Euthanasia judgment: With verdict, SC focuses on ‘dignity’, rights

The Bill defines advance directive as a directive given by a person that s/he shall/not be given medical treatment when s/he becomes terminally ill. Any person above 16 years who is capable of taking an informed decision (has no impairment of speech, brain) can make an advance directive.

Written by Abantika Ghosh | New Delhi | Updated: March 10, 2018 9:15 am
The verdict quoted at length the Law Commission report. Another report — number 241 — of the Commission recommended legislation on passive euthanasia and drew up the draft Bill. (Representational Image)

In 2006, the Law Commission, in its 196th report, had for the first time explored the legal position on euthanasia in India and the world over. The result — The Medical Treatment of Terminally Ill Patients (Protection of Patients and Medical Practitioners) Bill — is still a work in progress.

That’s why on Friday, when the Supreme Court allowed advance directives (“living will”) in healthcare, it was with the proviso that the “directives have been issued in exercise of the power conferred by Article 142 of the Constitution and shall continue to hold the field until a suitable legislation is enacted by Parliament to govern the area”.

The verdict quoted at length the Law Commission report. Another report — number 241 — of the Commission recommended legislation on passive euthanasia and drew up the draft Bill.

Also read | Passive euthanasia now legal: There are safeguards, lest it be misused

The Bill defines advance directive as a directive given by a person that s/he shall/not be given medical treatment when s/he becomes terminally ill. Any person above 16 years who is capable of taking an informed decision (has no impairment of speech, brain) can make an advance directive.

Like Friday’s judgment, the Bill requires the Medical Council of India to formulate guidelines for medical practitioners on withdrawal/withholding of support to terminally ill patients.
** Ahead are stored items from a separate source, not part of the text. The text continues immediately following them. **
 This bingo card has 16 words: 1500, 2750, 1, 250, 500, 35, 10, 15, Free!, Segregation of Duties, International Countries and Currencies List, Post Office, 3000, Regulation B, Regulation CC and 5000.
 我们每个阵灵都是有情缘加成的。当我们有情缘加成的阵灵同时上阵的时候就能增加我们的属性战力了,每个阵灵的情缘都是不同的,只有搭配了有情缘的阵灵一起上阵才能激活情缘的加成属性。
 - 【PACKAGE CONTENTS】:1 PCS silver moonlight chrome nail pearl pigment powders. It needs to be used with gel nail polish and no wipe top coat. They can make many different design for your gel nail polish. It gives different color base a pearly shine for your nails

The government also told the Supreme Court that an expert committee had recommended legislation on passive euthanasia and several meetings were held on the matter.

Read | ‘We want to go while our organs are still working’, says Mumbai couple

The distinction between active and passive euthanasia was made by Supreme Court in the Aruna Ramchandra Shanbaug vs Union Of India & Ors (March 7, 2011) judgment where it said: “Active euthanasia entails the use of lethal substances or forces to kill a person, e.g. a lethal injection… Passive euthanasia entails withholding of medical treatment for continuance of life, e.g. withholding of antibiotics where without giving it, a patient is likely to die…”
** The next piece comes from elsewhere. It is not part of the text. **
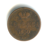 В центре указан номинал — надпись «ДЕНЬГА». Над обозначением номинала — шестиконечная звезда. Над ней — императорская корона. Под надписью — прямая черта, под ней — обозначение монетного двора «Е.М.». Вдоль канта, не доходя до короны, изображен венок из лавровой и дубовой ветви, которые в нижней части переплетены лентой. По окружности канта имеются рельефные элементы, выполненные в виде точек.

Shanbaug, a nurse at the King Edward Memorial Hospital in Mumbai, spent 42 years in a vegetative state before she died of natural causes in 2015. In 2011, a petition to stop nutrition to Aruna was dismissed by Supreme Court but in effect laid the foundation for Friday’s verdict.
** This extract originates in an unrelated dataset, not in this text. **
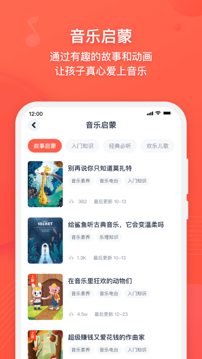 伴鱼音乐是针对0-12岁年龄层儿童,做音乐教育、乐器辅助学习的软件,涵盖了音乐启蒙学习、音乐素养提升、乐器考级等方面,基本满足了儿童音乐学习的各个方面。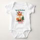 This baby bodysuit is pure holiday sass wrapped in snuggly softness. Front and center: a fox so charming it could outshine the tree topper, rocking a Santa hat and sitting beside a gift that’s probably full of giggles. Snowflakes swirl like nature’s glitter, and the green “My First Christmas” headline lets everyone know this is baby’s grand yuletide debut.

In its 2011 verdict on the petition to allow euthanasia for Aruna, the Supreme Court had said: “If the doctor acts on such consent (expressed at an earlier date before he/she became unconscious or otherwise incapable of communicating it, as by a living will or by giving written authority to doctors in anticipation of his/her incompetent situation) there is no question of the patient committing suicide… “It is simply that the patient, as he is entitled to do, declines to consent to treatment which might or would have the effect of prolonging his life and the doctor has in accordance with his duties complied with the patient’s wishes,” stated the order.

Since then, another judgment has bolstered the concept of right to life with dignity. Last year, on August 24, when the SC delivered the Right to Privacy judgment, it said: “To live is to live with dignity.” The word “dignity” appears in the latest verdict 473 times.

“The draftsmen of the Constitution defined their vision of the society in which constitutional values would be attained by emphasising, among others, freedoms, liberty and dignity. Dignity is the core which unites fundamental rights because fundamental rights seek to achieve for each individual the dignity of existence,” the order stated.  India has already incorporated the concept of  advance directive in the Mental Health Act.